Exercise ▸ In the entries that follow, find the line containing "- Unique dark" and the line containing "Seamless pattern of", then retype exactly the lines from the first through the second, pictures excluded.

### Recorded data ###

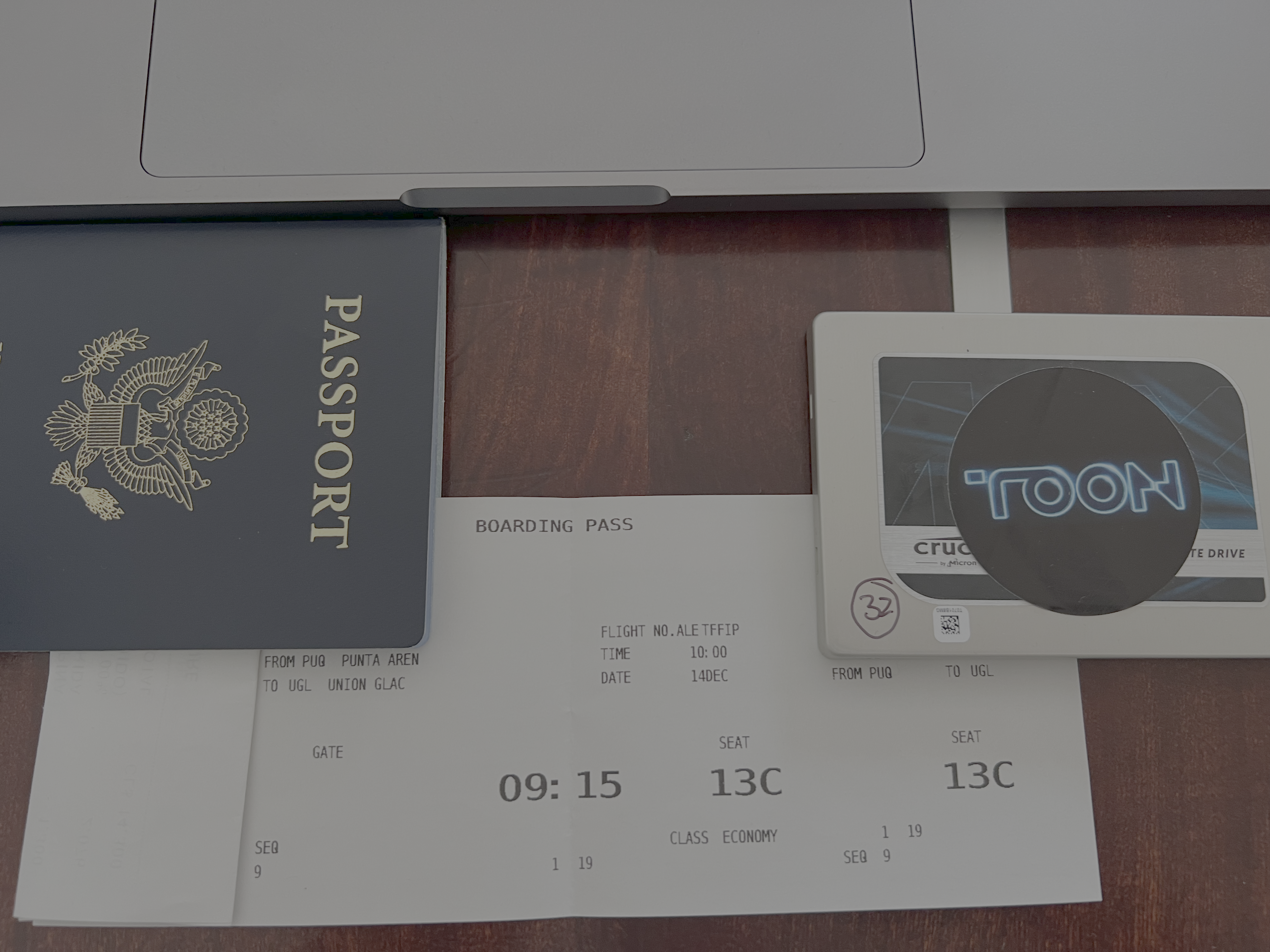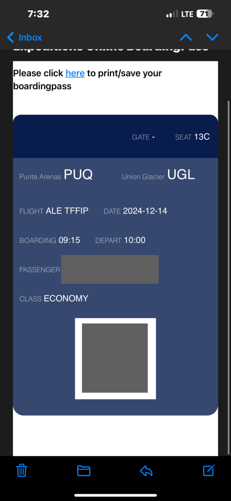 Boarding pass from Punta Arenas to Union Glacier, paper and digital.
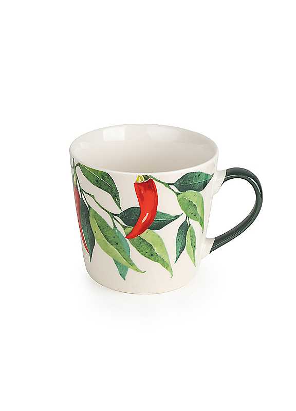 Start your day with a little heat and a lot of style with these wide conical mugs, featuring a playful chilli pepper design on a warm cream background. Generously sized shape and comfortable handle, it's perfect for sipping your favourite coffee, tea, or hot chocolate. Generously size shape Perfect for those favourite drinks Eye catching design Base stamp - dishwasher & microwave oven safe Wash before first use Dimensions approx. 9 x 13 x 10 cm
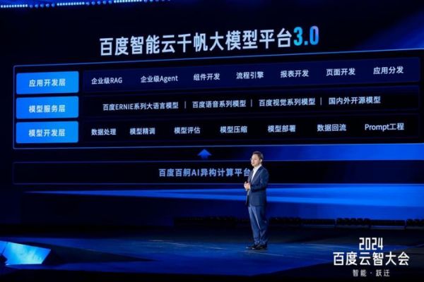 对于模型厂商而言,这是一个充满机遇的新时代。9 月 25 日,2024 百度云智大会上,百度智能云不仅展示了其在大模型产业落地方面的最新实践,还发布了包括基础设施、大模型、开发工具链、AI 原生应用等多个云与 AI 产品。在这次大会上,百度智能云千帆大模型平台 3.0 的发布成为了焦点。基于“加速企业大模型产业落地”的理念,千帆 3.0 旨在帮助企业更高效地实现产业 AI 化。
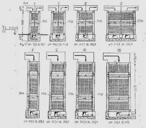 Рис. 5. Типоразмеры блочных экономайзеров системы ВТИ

###
### Recorded data ###

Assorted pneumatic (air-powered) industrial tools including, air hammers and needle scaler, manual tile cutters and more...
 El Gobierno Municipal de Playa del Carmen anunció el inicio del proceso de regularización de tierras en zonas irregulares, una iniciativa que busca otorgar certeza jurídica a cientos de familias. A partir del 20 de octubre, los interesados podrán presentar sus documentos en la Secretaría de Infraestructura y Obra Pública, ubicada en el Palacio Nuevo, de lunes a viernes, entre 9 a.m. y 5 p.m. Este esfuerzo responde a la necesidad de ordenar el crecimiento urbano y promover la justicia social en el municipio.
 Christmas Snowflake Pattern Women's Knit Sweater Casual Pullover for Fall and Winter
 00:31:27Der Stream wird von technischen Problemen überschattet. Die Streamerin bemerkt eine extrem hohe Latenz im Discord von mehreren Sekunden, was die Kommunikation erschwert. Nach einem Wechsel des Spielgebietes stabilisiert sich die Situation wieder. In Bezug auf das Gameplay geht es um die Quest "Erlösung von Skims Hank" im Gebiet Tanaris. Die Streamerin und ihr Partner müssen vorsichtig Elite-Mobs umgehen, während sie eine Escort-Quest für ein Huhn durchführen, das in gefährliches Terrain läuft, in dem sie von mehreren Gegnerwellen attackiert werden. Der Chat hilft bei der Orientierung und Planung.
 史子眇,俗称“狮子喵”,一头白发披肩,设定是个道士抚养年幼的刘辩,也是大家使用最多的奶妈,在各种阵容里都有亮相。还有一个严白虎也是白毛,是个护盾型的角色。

###
### Recorded data ###

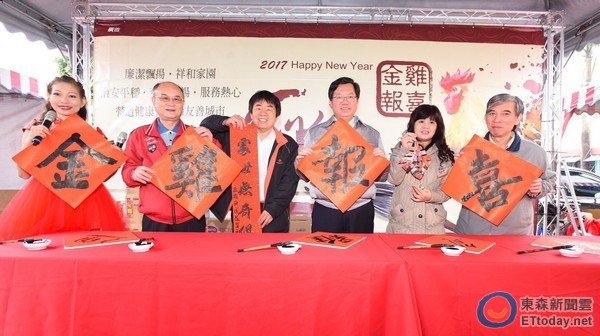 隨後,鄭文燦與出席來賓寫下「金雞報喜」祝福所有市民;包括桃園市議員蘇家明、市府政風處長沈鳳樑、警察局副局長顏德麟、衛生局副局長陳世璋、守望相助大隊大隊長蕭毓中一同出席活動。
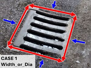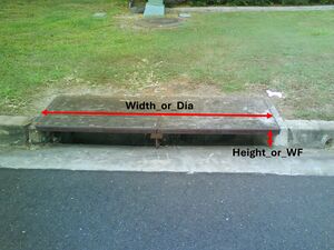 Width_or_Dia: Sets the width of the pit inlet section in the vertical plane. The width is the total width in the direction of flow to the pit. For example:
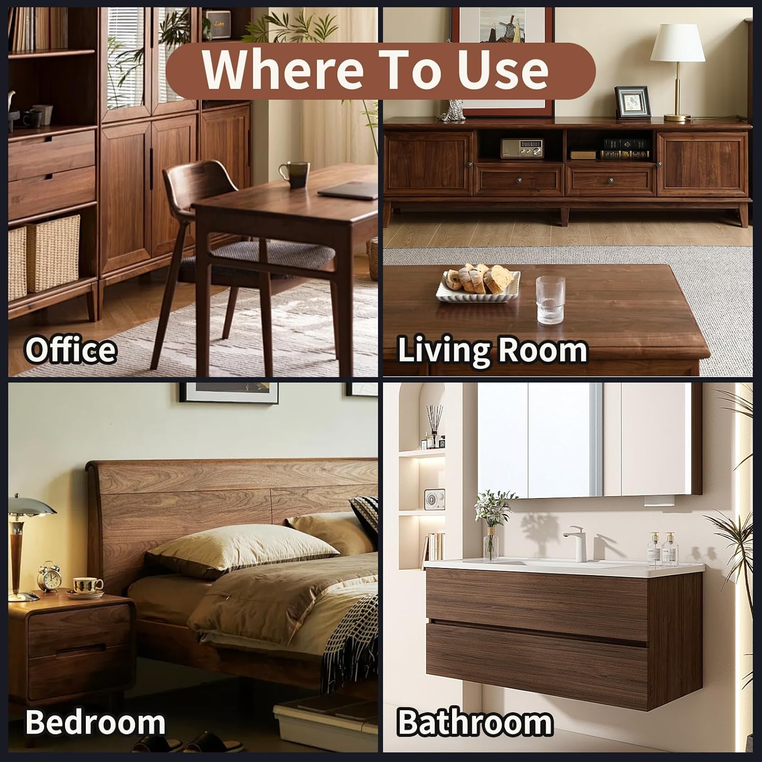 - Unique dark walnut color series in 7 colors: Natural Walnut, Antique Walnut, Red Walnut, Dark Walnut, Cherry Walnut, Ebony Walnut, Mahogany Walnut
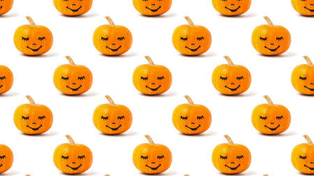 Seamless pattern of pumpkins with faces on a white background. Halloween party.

###

Response to the task ▸
 - Unique dark walnut color series in 7 colors: Natural Walnut, Antique Walnut, Red Walnut, Dark Walnut, Cherry Walnut, Ebony Walnut, Mahogany Walnut
 Seamless pattern of pumpkins with faces on a white background. Halloween party.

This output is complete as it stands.